Vertex shader output is defined in an output structure that must contain the vertex transformed coordinates. In the following example, the output structure is very simple but you can add other magnitudes.
The following code lists the semantics supported by Unity:
struct vertexOutput
{
float4 pos : SV_POSITION;
float4 tex : TEXCOORD0;
float4 texSpecular : TEXCOORD1;
float3 vertexInWorld : TEXCOORD2;
float3 viewDirInWorld : TEXCOORD3;
float3 normalInWorld : TEXCOORD4;
float3 vertexToLightInWorld : TEXCOORD5;
float4 vertexInScreenCoords : TEXCOORD6;
float4 shadowsVertexInScreenCoords : TEXCOORD7;
};
The transformed vertex coordinates are defined with the semantic SV_POSITION
. Two textures, several vectors, and
coordinates in different spaces calling the semantic TEXCOORDn
are also passed to the fragment shader.
TEXCOORD0
is typically reserved for UVs and
TEXCOORD1
for lightmap UVs, but technically you
can send anything from TEXCOORD0
to TEXCOORD7
to the fragment shader. It is important to
notice that each interpolator, that is each semantic, can only process a maximum of 4
floats. Put larger variables such as matrices into multiple interpolators. This means
that if you define a matrix to be passed as a varying: float4x4
myMatrix : TEXCOORD2
, Unity uses the interpolators from TEXCOORD2
to TEXCOORD5
.
Everything you send from the vertex shader to the fragment shader is linearly
interpolated by default. For every pixel in the triangle defined by the vertices V1
, V2
and V3
the rasterizer, located in the graphic pipeline between
vertex and fragment shaders, calculates the pixel coordinates as a linear interpolation
of the vertices coordinates using the barycentric coordinates λ1, λ2 and λ3.
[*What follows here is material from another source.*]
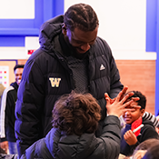 Franck Kepnang is known for his defensive presence and resilience through injury setbacks. Beyond the court, he is a campus and conference leader, serving as University of Washington’s (UW) representative on the Big Ten Student-Athlete Issues Commission and 2025-26 Jackie Robinson Community & Impact Award. Franck founded the Franck & Family Foundation, through which he supports orphanages in Cameroon and provides care packages to people experiencing homelessness, while also engaging in local outreach through the Black Student-Athlete Alliance and Seattle community programs. His global perspective was further shaped by a study abroad experience in Ghana focused on Pan-African history and education. Academically accomplished, he holds a degree in Geography: Data Science and is pursuing a Master’s in Information Management as he plays in his final collegiate season.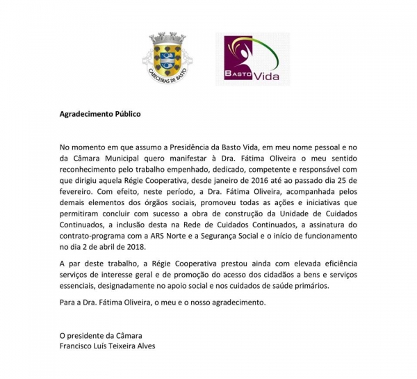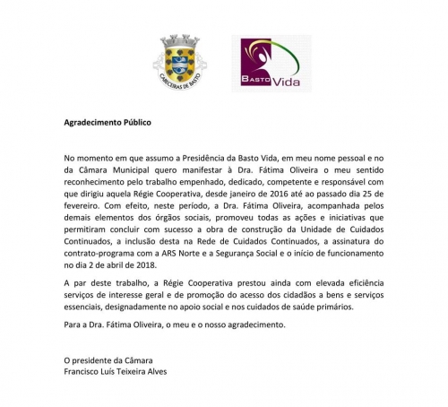 Confira na foto, o comunicado de agradecimento da autarquia de Cabeceiras de Basto.

Figure 6-3 Linear interpolation using barycentric coordinates
The following diagram shows the results of color interpolation in a
triangle with vertex colors red, green and blue.
Figure 6-4 Color Interpolation
The same interpolation is applied to any varying passed from the vertex to the
fragment shader. This is a very powerful tool because there is a hardware linear
interpolator. For example, if you have a plane and you want to apply a color as a
function of the distance to the center C, you pass the coordinate of the center C to the
vertex shader, calculate the squared distance from the vertex to C and pass that
magnitude to the fragment shader. The value of the distance is automatically
interpolated for you in every pixel of every triangle.
Values are linearly interpolated so it is possible to perform per-vertex
computations and reuse them in the fragment shader, that is, a value that can be
linearly interpolated in the fragment shader can be calculated in the vertex shader
instead. This can provide a substantial performance boost because the vertex shader runs
on a much smaller data set than the fragment shader.
You must be careful with the use of varyings especially in mobiles where
performance and memory bandwidth consumption are critical to the success of many games.
The more varyings there are, the more vertex accesses and fragment shader varying reads
bandwidth. Aim for a reasonable balance when using varyings.